The relative AP and lateral endplate diameter occupied by the cage compared to the entire endplate dimensions was expressed in normalized AP and lateral disc space diameter. Normalized AP and lateral disc space diameters were calculated for each specimen in each group. The overall specimen height was measured using a standard platform at each step of the preparation (intact, stand-alone cage, cage with TLS) at five standardized positions (left, right, front, back, center) on the top surface of the cranial PMMA block, while the caudal block was resting on a flat surface. Distraction height at the center of the endplate and change in sagittal angulation of the segment were then calculated for the stand-alone cage and cage with TLS instrumentation relative to the intact segment’s parameters.
All specimens were tested sequentially in a biaxial MTS 858 Mini Bionix Test System (MTS Systems, Eden Prairie, MN) in three testing conditions. First intact, then with stand-alone anterior cage, and finally with cage and TLS instrumentation. The system was designed with a custom set-up for unconstrained application of moments. In flexion and extension tests a pneumatic cylinder was used to apply a constant preload (Fig. 3a).
Fig. 3.
a Set-up of the vertebral specimen in the test machine for flexion-extension motion application b Pull-out test set-up
The intact specimen was first preconditioned with 200 N axial load for 10 min. The instrumented specimens underwent five cyclic load cycles from 0 N to 600 N to lock the cage in place.

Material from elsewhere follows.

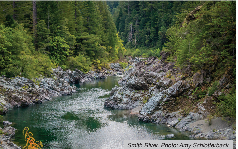
Smith River.

Who we work with – Friends of the Kalmiopsis was central to this effort and has been dedicated to defending this special place for decades. KS Wild also worked with the Kalmiopsis Audubon, Native Fish Society, American Rivers, American Whitewater, Wild and Scenic Rivers, and Smith River Alliance, and many others.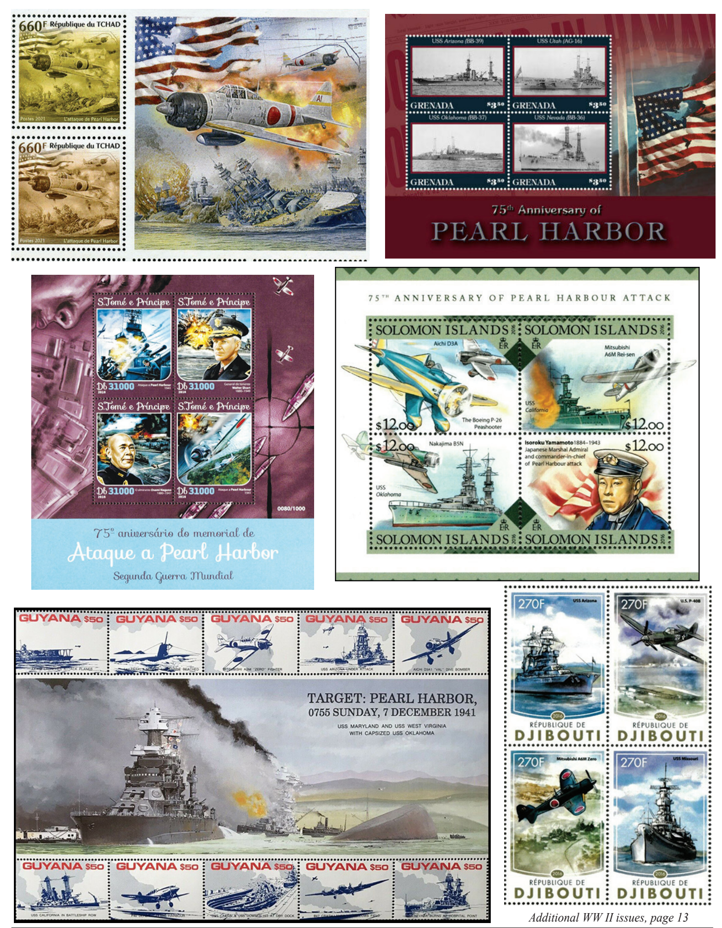
Mekeel's & Stamps MAGAZINE

The actual protocol was identical for all testing conditions, applying a total of three complete cycles from −6 Nm to +6 Nm stepwise loading in 2 Nm increments in axial rotation, flexion-extension and lateral bending, while a constant axial preload of 200 N was maintained. The data of only the third cycle were plotted with load versus displacement. Full range of motion (ROM) and neutral zone (NZ) measurements were determined. NZ represents the intervertebral motion segment laxity and is defined as the displacement from the neutral position to the zero-load point of the third loading cycle. The ROM was listed separately for flexion and extension, all other motion directions were listed as full ROM. The mechanical testing was concluded with an anterior cage pull-out test (TLS fixation left in place) under 600 N constant axial load and the actuator pulling at a 1 mm/s rate on the implant. All specimens were completely fixed in the testing machine (Fig. 3b) during pull-out testing. Maximal recorded pull-out force was used for further analysis.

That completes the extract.